The embarrassing side of game design

Gallery snapshot. View gallery of The embarrassing side of game design

I'm really bad at sharing the creative process that goes into designing and making games. It's something that I've often wished I could change, not least because I think it could be a really interesting record and resource for others if I actually talked candidly about work-in-progress.

When I try and analyse the reasons for my reluctance to publicly share what we're working on, I can identify a mixture of natural guardedness, protectionism and worry that too much talk will corrupt the (mostly) spontaneous act of creation. However, more than all those things (after all, who is really going to steal one of our ideas and produce it themselves? - good luck to that person!) is the embarrassment of showing the reality of how wayward the game development path is. I feel a twinge of guilt when I look at our small mountain of unfinished games-in-progress and I feel utterly amateurish when I recall how many times I've declared to myself, "This is going to be our next game!".

I know that recording my thoughts as I go along will inevitably make these failed attempts and blind alleys public (along with my erroneous and changeable opinions). But it's precisely because of the embarrassment factor that I hope this post alone will provide some comfort and resonance to other game designers. Ultimately, it's OK to be wrong. Game design is also rarely a logical, iterative process of refinement. It's frequently messy and unpredictable but in all the cast-aside ideas, patterns and themes reoccur and eventually a cohesive idea grows from them.

Of all the creative pursuits I've tried, I have to say game design is the most challenging.
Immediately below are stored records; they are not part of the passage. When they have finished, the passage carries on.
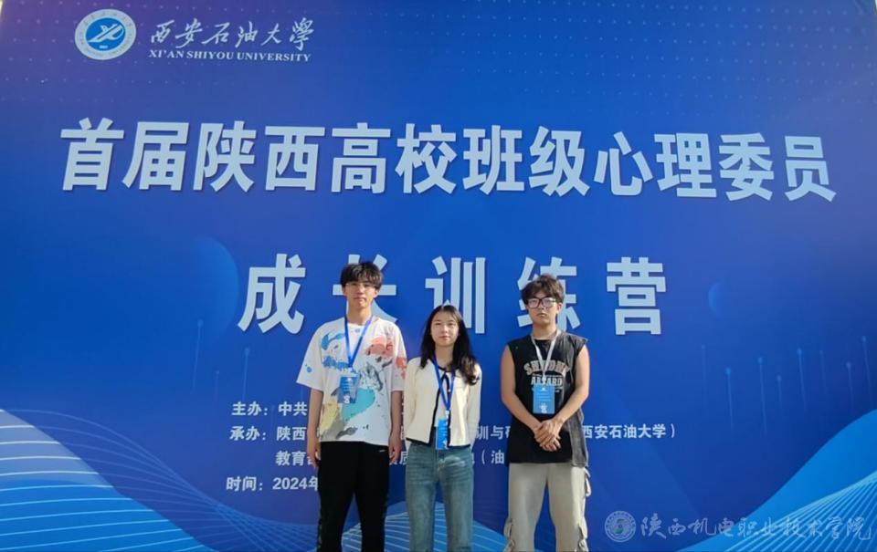5月24日,首届陕西高校班级心理委员成长训练营在西安石油大学成功举行。我校由心理健康教育中心教师唐转转带队,智能制造学院宋坤、电子信息学院徐伟涛作为优秀心理委员代表参加训练营。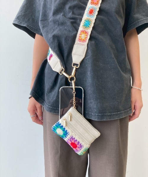 【 クロシェ編み ポーチ付き ショルダーストラップ スマホストラップ 】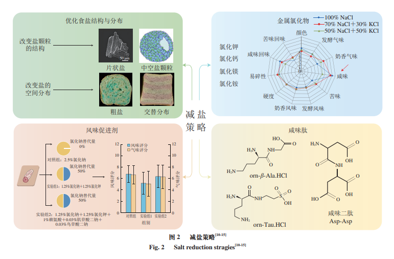 要達(dá)到“減鹽不減咸”的目的,可以基于以上咸味傳導(dǎo)途徑的特點(diǎn),從多方面、多角度減少Na+過量攝入。如通過設(shè)計(jì)食物中Na+分布等,提高咀嚼過程中Na+在口腔中的釋放速率;或者使用非Na+的金屬鹽代替NaCl作為咸味調(diào)味品;除此之外,還可使用非離子型的風(fēng)味促進(jìn)劑,如咸味香精、咸味肽等提高咸味的感知。目前常見的減鹽策略如圖2所示。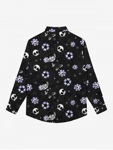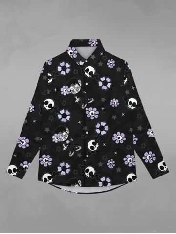 Gothic Turn-down Collar Skull Sunflower Star Cartoon Boy Print Buttons Shirt For Men - Black - L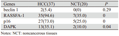 肿瘤是一系统性疾病,癌旁组织很可能已有 癌发生前期、早期的遗传学和表观遗传学的异 常;推测基因所发生的启动子甲基化谱式的变化 很可能代表肝癌早期和晚期的变化。属于早期阶 段的基因有RASSF1A;而属于晚期阶段的基因为 pl6[7]。RASSF1A是被广泛研究的抑癌基因,参与 了肿瘤发生发展的全过程。p16基因的编码产物 P16蛋白是作用于细胞分裂周期的关键酶之一, 它直接作用于细胞周期抑制细胞增殖,如表达缺 失则致细胞永生化形成肿瘤。beclin 1是位于染色 体17q21的一种抑癌基因,Li等研究20例散发侵袭 性乳腺导管癌,发现45%的乳腺癌检获杂合性缺 失及5' 末端到内含子2密集的CpG岛。甲基化分析 显示,beclin 1启动子和内含子2异常甲基化,且 肿瘤beclin 1表达下降。由此提出一个假设:乳腺 癌中BRCA1和beclin 1 具有协同效应。此论点在 肝癌中的作用有待进一步证实[8]。DAPK基因所编 码的死亡相关蛋白激酶(death-associated protein kinase,DAPK)参与干扰素、Fas、肿瘤坏死因 子-α等多条凋亡途径。本实验发现,HCC中beclin 1、DAPK的甲基化率较低,但DAPK在癌旁组织 中亦有一定程度的甲基化且差异具有统计学意义 (P=0.04),提示HCC中,DAPK基因甲基化的 发生是一种早期且普遍存在的现象;对其甲基化 的检测,有可能成为早期发现肿瘤的一种有效手 段。在本研究中p16和RASSF1A基因高甲基化体现 出较高的诊断价值。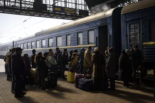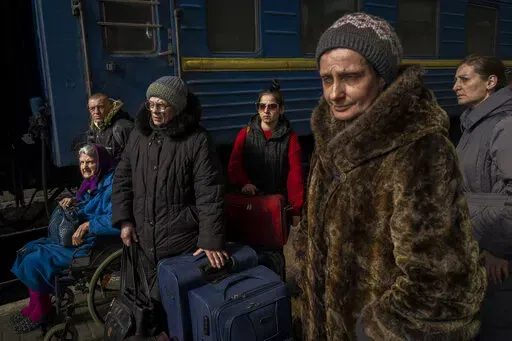The city council said Sunday that nearly 40,000 people have used their own vehicles to leave the city via a humanitarian corridor over the past week — nearly 10% of its 430,000 population. Other fleeing residents arrived by train Sunday in Lviv.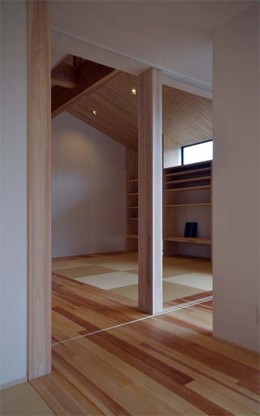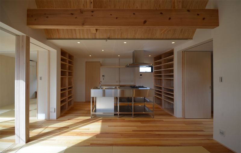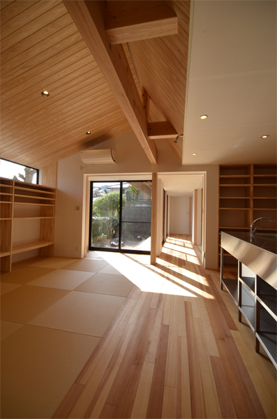 ![]() LDKの天井は杉板張りのアシンメトリーな船底天井です。 頂部が換気スリットになっていて、畳スペースには囲炉裏が設置される予定です。 今回はエアコンはあえての露出取り付けです。見た目的には隠蔽したいところですが 効きとメンテ性が悪くなるのでケースバイケースです^^; |

So many aspects have to be right to make a good game that it is often hard to tell you even have a good game until it's nearly complete. And the energy you need to carry you through the process of prototyping-and-testing means that you necessarily have to turn a blind eye to early "warning signs" and plough on regardless. We almost chucked in the towel with War on Terror, for example, at least twice.

So I'm going to try and turn over a new leaf. The next blog post will be my attempt at writing a development update on several games that we're working on simultaneously. I can't promise that it'll last, but my intention is to document the process of producing our next game a lot more openly.